Disparities in Health Access Through the Lens of the Latino Community

THINQ at UCLA
THINQ at UCLA
Published in
6 min readFeb 24, 2022

By Jasmin Gutierrez

In 2021, Latinos accounted for over fifty percent of the United States’ demographic growth. Currently, Latinos comprise nearly nineteen percent of the United States population, making them the second-largest minority group [2]. The Latino population is comprised of vibrant cultures and resilient communities whose historical roots have forever shaped America. They are the backbone of America as many of them fill critical workforce gaps in labor short industries. Despite their prominent contributions to American culture, barriers to medical care have generated notable disparities in the quality of health provided. In some instances, access itself is unattainable [3]. The aforementioned barriers include language, cultural beliefs, lack of insurance, and citizenship status. These barriers coupled with the medical racism present in hospitals and medical clinics heighten the lack of cultural competence that contributes to the devaluation of Latino-identifying individuals. America’s Healthcare System must recognize the factors that disproportionately affect minority groups so that future individuals, Latino or non-Latino identifying, are not victims of the same injustices.

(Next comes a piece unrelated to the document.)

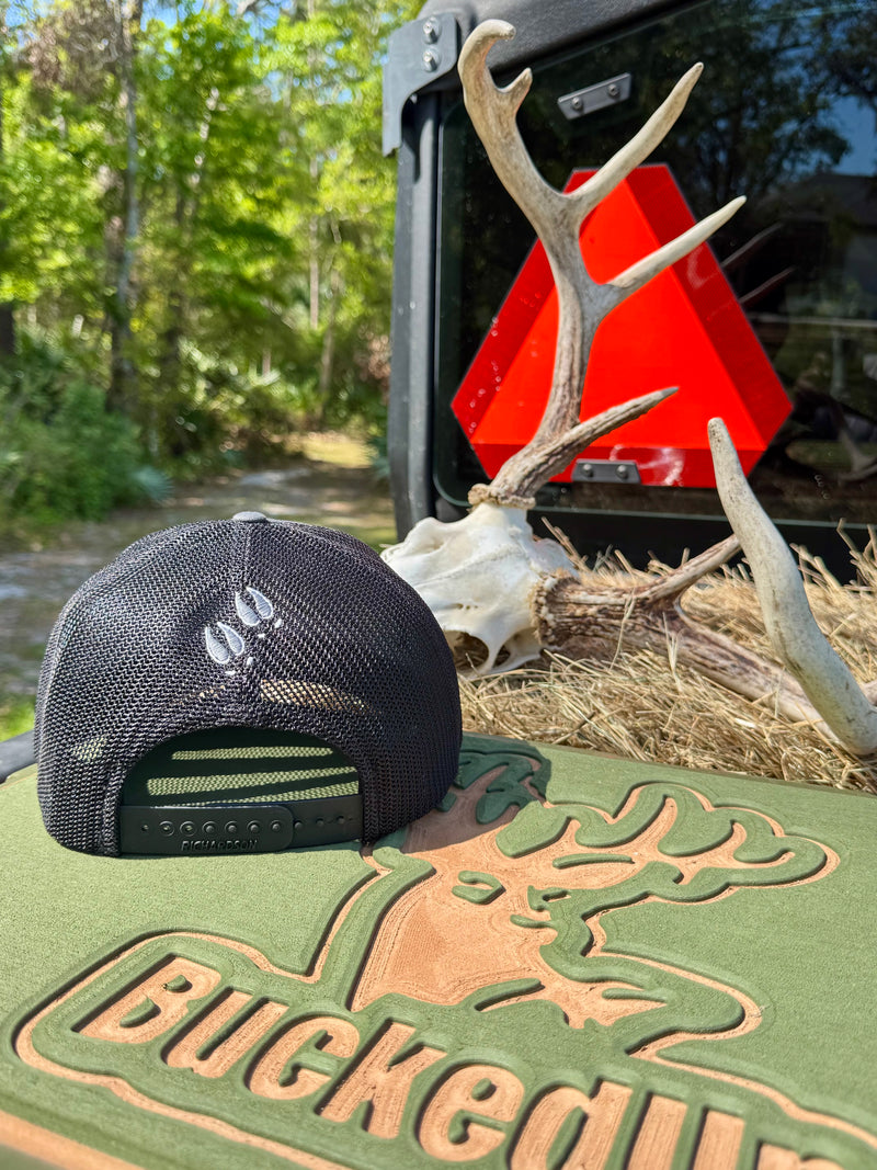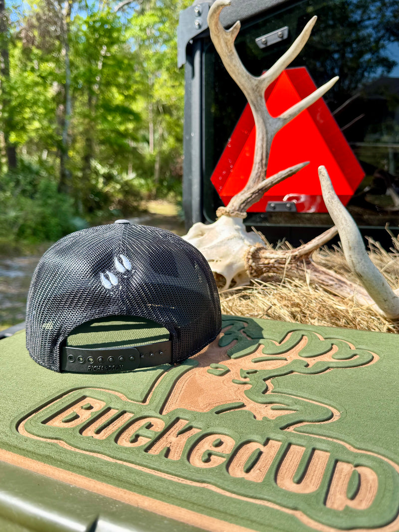 BuckedUp® Leather Patch Black with Grey Bill and White Mesh Snapback

An overwhelming majority of Latinos in the United States are not bilingual, with Spanish being their primary language. In fact, the United States holds the title of having the second largest population of Spanish speakers with numerous senior citizens and older generations, who are more likely to be limited in English proficiency [5]. Many also rely on their children to be translators. However, in a medical setting, where terminology is complicated and emotions are heightened, a lapse in translation is inevitable. A language barrier weakens the connection between patient and physician, leading to an added layer of difficulties and a secondary level of care.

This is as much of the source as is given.